* **Problem to work on**
Exactly reproduce the lines beginning with the line that includes "客厅电视墙除了挂电视的位置全" and ending with the last line of the data.

-------------------------

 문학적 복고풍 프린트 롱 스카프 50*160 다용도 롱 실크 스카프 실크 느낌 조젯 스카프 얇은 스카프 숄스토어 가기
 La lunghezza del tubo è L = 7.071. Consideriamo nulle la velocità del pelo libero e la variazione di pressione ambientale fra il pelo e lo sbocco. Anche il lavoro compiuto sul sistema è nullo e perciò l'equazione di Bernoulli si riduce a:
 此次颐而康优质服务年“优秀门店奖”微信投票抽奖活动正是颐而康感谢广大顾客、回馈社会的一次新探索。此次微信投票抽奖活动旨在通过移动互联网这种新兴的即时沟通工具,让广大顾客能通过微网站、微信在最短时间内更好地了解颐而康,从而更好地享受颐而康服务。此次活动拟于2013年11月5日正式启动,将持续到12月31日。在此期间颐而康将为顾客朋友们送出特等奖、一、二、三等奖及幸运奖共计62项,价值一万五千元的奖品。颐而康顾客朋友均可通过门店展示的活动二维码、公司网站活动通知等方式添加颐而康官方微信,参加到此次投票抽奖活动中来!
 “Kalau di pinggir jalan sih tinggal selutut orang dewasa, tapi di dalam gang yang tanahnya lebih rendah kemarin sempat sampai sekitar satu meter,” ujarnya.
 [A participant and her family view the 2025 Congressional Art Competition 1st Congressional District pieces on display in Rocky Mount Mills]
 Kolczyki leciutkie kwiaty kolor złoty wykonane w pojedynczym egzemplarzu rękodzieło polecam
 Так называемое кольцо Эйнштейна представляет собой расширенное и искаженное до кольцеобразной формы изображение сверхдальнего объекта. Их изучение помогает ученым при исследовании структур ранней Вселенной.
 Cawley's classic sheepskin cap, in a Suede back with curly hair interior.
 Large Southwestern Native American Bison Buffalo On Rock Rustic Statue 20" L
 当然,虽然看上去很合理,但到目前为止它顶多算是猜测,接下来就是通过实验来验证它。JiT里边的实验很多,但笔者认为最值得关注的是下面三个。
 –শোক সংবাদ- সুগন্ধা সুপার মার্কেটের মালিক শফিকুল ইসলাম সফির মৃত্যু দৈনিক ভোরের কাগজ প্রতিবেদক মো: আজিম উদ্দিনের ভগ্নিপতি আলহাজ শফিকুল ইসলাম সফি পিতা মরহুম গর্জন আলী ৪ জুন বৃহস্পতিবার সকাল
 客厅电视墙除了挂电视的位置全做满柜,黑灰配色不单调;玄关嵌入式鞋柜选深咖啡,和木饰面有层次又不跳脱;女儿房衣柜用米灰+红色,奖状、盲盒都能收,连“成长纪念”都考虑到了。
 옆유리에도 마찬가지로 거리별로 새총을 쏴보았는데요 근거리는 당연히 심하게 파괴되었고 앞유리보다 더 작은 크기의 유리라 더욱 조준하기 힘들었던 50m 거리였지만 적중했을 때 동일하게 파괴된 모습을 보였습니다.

-------------------------

* **Answer**
 客厅电视墙除了挂电视的位置全做满柜,黑灰配色不单调;玄关嵌入式鞋柜选深咖啡,和木饰面有层次又不跳脱;女儿房衣柜用米灰+红色,奖状、盲盒都能收,连“成长纪念”都考虑到了。
 옆유리에도 마찬가지로 거리별로 새총을 쏴보았는데요 근거리는 당연히 심하게 파괴되었고 앞유리보다 더 작은 크기의 유리라 더욱 조준하기 힘들었던 50m 거리였지만 적중했을 때 동일하게 파괴된 모습을 보였습니다.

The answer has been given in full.